Oh, I was get permission, then. It's been too long since we've talked. Write me, or I'll write you. And that's not a threat, that's a promise.


estás feo.
on Oct 17, 2006
well the good Doctor has spoken!!. Glad I live in Canada. Are you sure we are not talking Dr Jekell here. Who is full of it. I read some of your all real bullshit about the endocrine system and bla bla bla. As it turns out I am a health care professional and you are as fake as my friend's penis extension. By the way you should contact your bilingual friend. Y si no me comprendes entonces te puedo decir que tu eres un maricon aunque dices que estas casado. I bet your wife does not knows what you are doing if she actually exist. One more thing you are indeed like a defensive aggresive cancer. I sure hope that you are really licensed to care for people. No wander good old USA is begining to be the laughing joke of the world. Or maybe it is true what they said USA is a land of opportunity where any payazo charlatan is put in charge of taking care of humans. How is that for being a riot!! Kissamisali con fredo chocolat culua!!!
on Oct 17, 2006
what the hell did that have to do with myspace?
on Oct 17, 2006
holla idiota eres tu el marido de Blue Jay? Me parece que tu cara tiene una sana de porqueria. Tew deberias cambiar tu nombre de San Chonino te deberias cambiarlo a San Cochino porque los cuecos son muy cochinos y eso creo que eres. Y si no eres un cueco entonces eres un perverto.
on Oct 17, 2006
yeah....this thread just got killed...*leaves*
on Oct 18, 2006
it's just something you don't understand.

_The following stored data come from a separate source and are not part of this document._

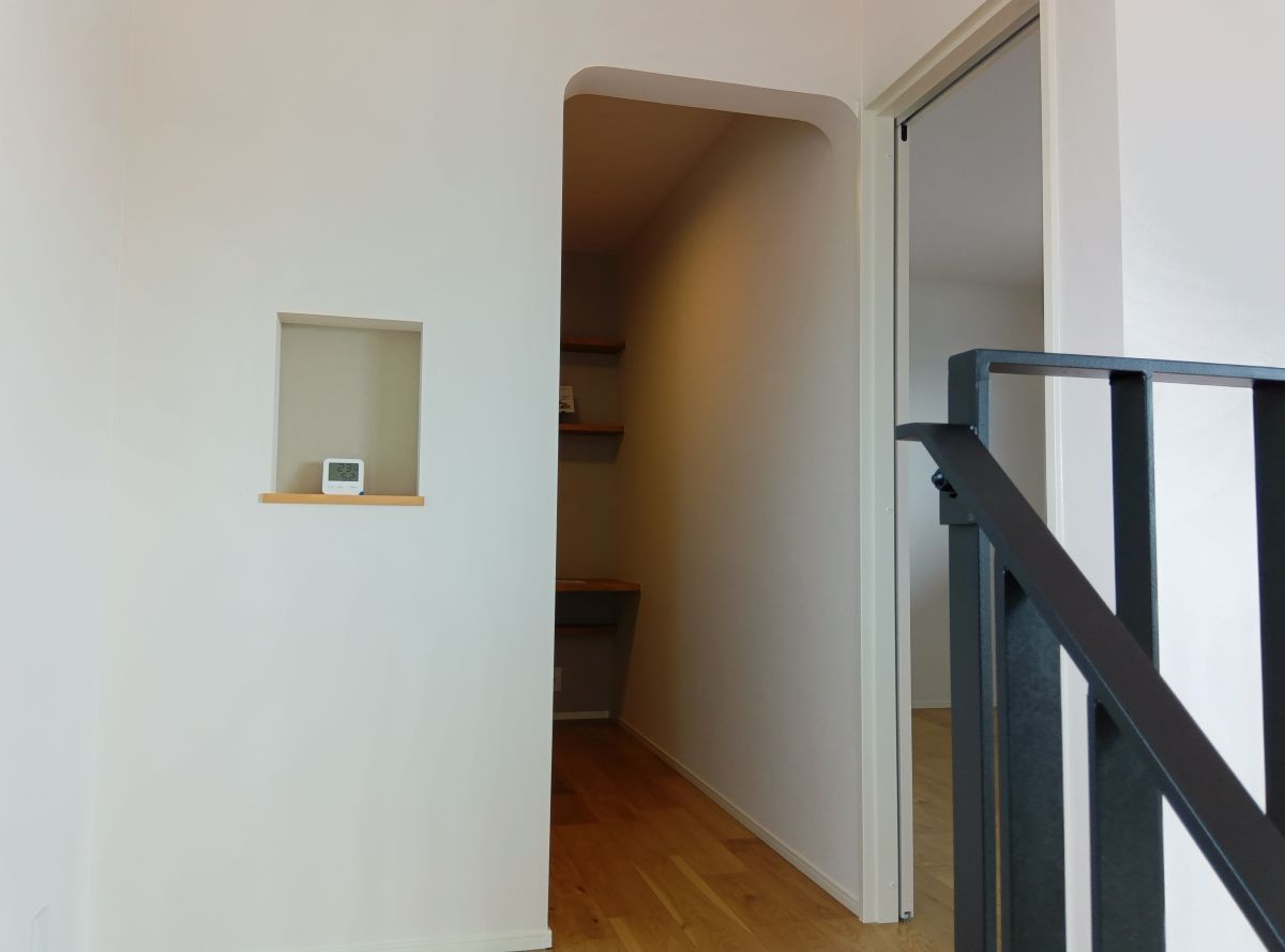 二階に上がっても熱籠りは感じない。目の前のニッチには「ちょこんと」温度計。
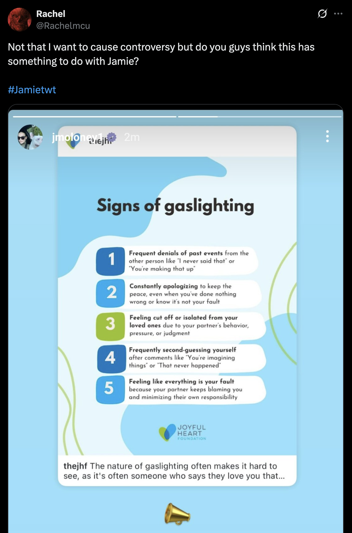 In an IG story posted just a few days prior to me writing this, she had this up. It seemingly did it's job since it got at least one Jamie fan to post on twitter asking if they think Jess means Jamie was abusive.
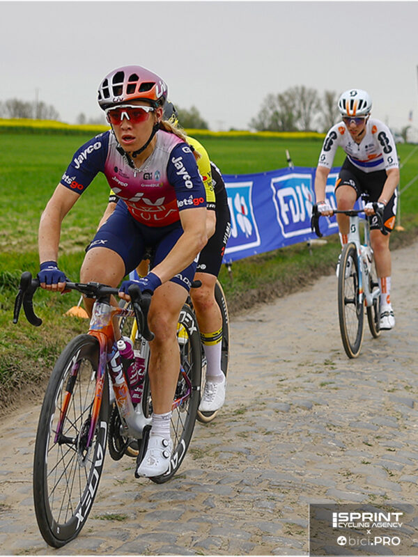 E io, consapevole che sia adatta a quelle corse, le ho dato qualche consiglio. Ero consapevole che non avessimo una squadra per chiudere sugli attacchi delle altre, soprattutto alla Roubaix, e che lei non potesse seguirle tutte. Al Fiandre siamo andati bene e tutto sommato anche alla Roubaix finché le gambe hanno tenuto.
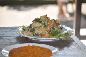 Sayur Urab- a flavourful salad made from long green beans, cabbage, carrots, grated coconut (check out the photo of me grating), lime, chillis and more shallots.
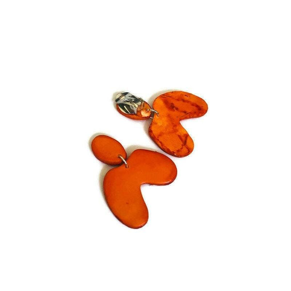 Red Asymmetric Arch Earrings, Bold Clay Earrings Hand Painted- "Kate"
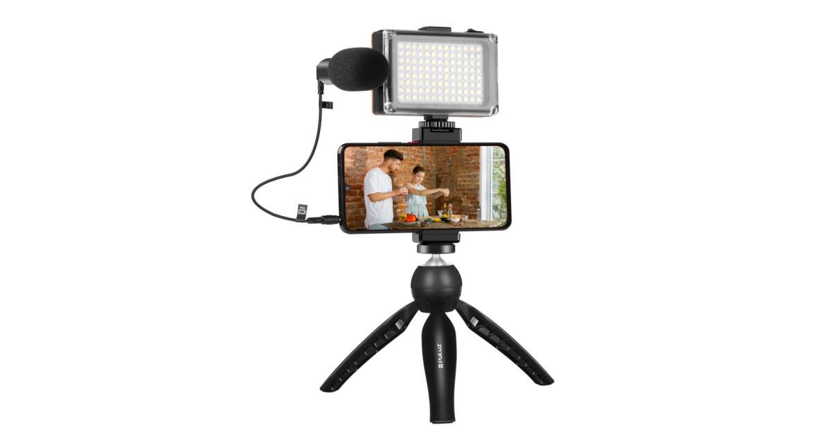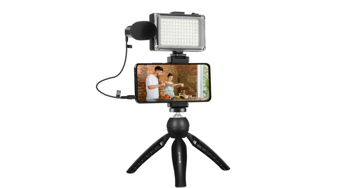 Zestaw do transmisji na żywo Puluz, mocowanie do statywu, oświetlenie LED, mikrofon, uchwyt na telefon opis

You don't even understand your own incoherent ramblings. Learn to read in context, and learn that you can't even begin to fathom what I do or do not know based on a single, random blog entry.


whatever pal...you call it a cancer, i disagree...so you attack me like a lil brat?

have a nice day:)
on Oct 18, 2006
"holla stupid you are the your husband of Blue Jay? It seems to me that your face has one healthy one of porqueria. Tew deberias to change your name of San Chonino deberias to change it San Cochino because the cuecos are very dirty and that I believe that you are. And if you are not then cueco you are perverto."
Babelfish doesn't help much...
mimi ....stick to English, OK?
on Oct 18, 2006
Babelfish doesn't help much...


I can't get it...either that's some dialect I'm not familiar with or I just totally sucked with 4 years of high school Spanish...funny, because I aced every year.

~Zoo
on Oct 18, 2006
Are these the people you want to attract?

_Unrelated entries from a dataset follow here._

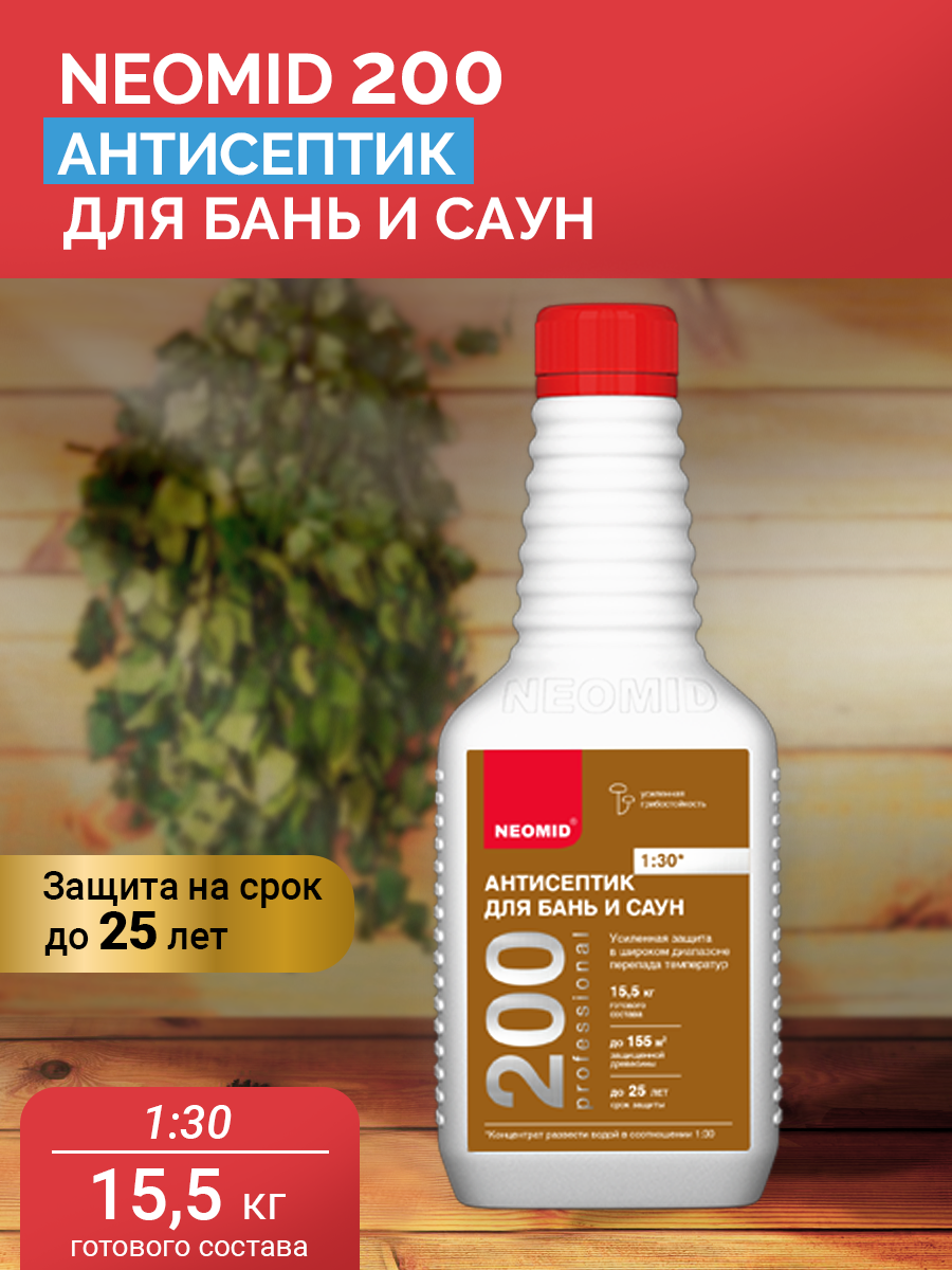 Антисептик-Концентрат для Бань и Саун Neomid 200 0.5л (1:30) для Сверхвысокой Защиты Древесины от Гниения / Неомид 200*
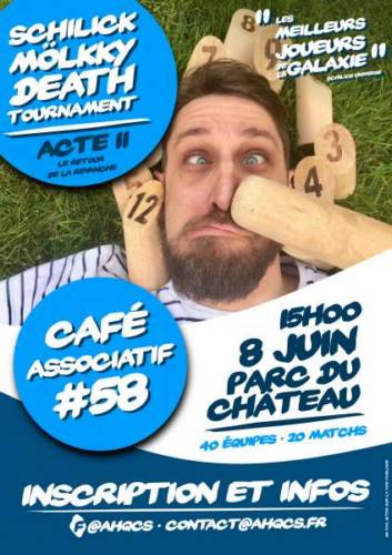 La seconde édition du Mölkky Death Tournament se tiendra le samedi 8 juin prochain lors du café associatif 58 de l’AHQCS au parc du Château à Schiltigheim. Cette compétition amicale d’envergure sidérale, accueillera non pas les 40 meilleures équipes de joueuses et joueurs de la galaxie. Choisissez votre partenaire, préparez vos combinaisons et offrandes conviviales, armez vous de bonne humeur et courrez vite vous inscrire par mail (contact AT ahqcs POINT fr) ou sur la page facebook de l’évènement. Le tournoi se conclura par une remise des prix en grandes pompes et apéro partagé à 19h00.
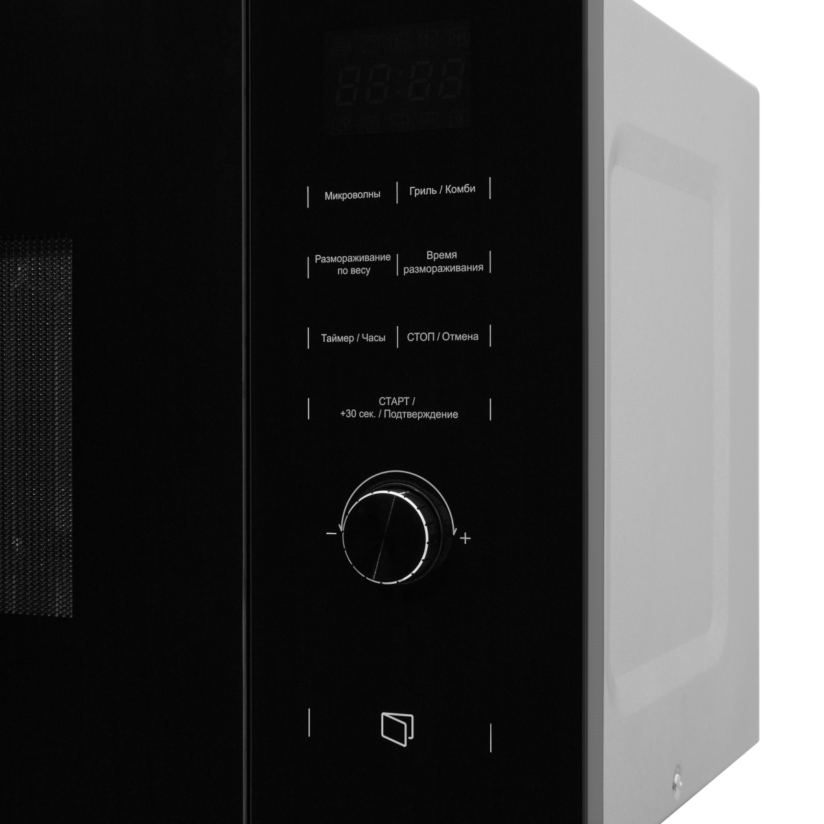 Особенности Автооткрывание дверцы / Безрамочный дизайн / Большой LED дисплей белый / Подсветка / Покрытие камеры из нержавеющей стали / Мощность гриля 1000 Вт / Диаметр тарелки 315 мм / Объём 25 л / Решетка для гриля / Размораживание по весу / Размораживание по времени / Быстрый старт / Таймер приготовления / Автоменю / Блокировка от детей
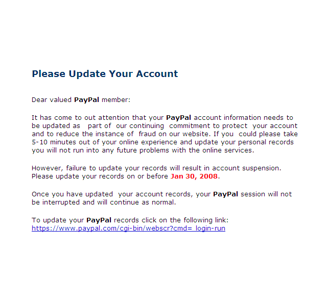 নিচের ছবিটির দিকে খেলায় করুন। এমন ভাবে একটি মেইল আসছে মনে হচ্ছে এটা অফিসিয়াল পেপাল থেকে আসা। শুধু তাই নয় একজন যখন এই লিংকে ক্লিক করবে তখন এটি এমন একটি পেজে নিয়ে যাবে যা অফিসিয়াল ওয়েবসাইটের মতই। যখন কেউ তথ্য দেবে সাথে সাথে হ্যাকড! এগুলোই সাধারণত সাধারণ ফিশিং।
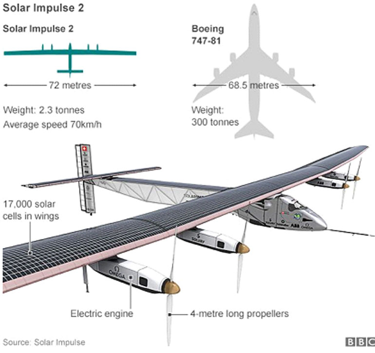 Το Solar Impulse έχει άνοιγμα φτερών 72μέτρα, που είναι το μεγαλύτερο ακόμη και από τα «747 jumbo» αλλά ζυγίζει μόλις 2,3 τόνους.

so, the internet should be reserved for a certain 'class' of people?
on Oct 18, 2006

Maya: I have tolerated you far longer than I ever should have in the first place.  You are no longer welcome here.

on Oct 18, 2006
either that's some dialect I'm not familiar with or I just totally sucked with 4 years of high school Spanish...funny, because I aced every year.

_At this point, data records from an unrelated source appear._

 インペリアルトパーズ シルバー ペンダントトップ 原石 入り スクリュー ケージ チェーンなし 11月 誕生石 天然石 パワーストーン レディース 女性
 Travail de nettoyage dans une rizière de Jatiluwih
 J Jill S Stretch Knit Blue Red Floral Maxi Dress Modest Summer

Um, no. It's called "I think I know spanish but I mostly don't know anything".

Maya: BlueDev is my brother. And my best friend. And you're an assclown. Lárgate con mucha prisa. Asshat.

(Translation for our english-loving friends: Get the hell outta here.)
on Oct 18, 2006
On an unrelated note: I was playing Orchid really loud, and mom walked in. You should've seen the look on her face - worth a thousand bucks. I'm not kidding. Splendid!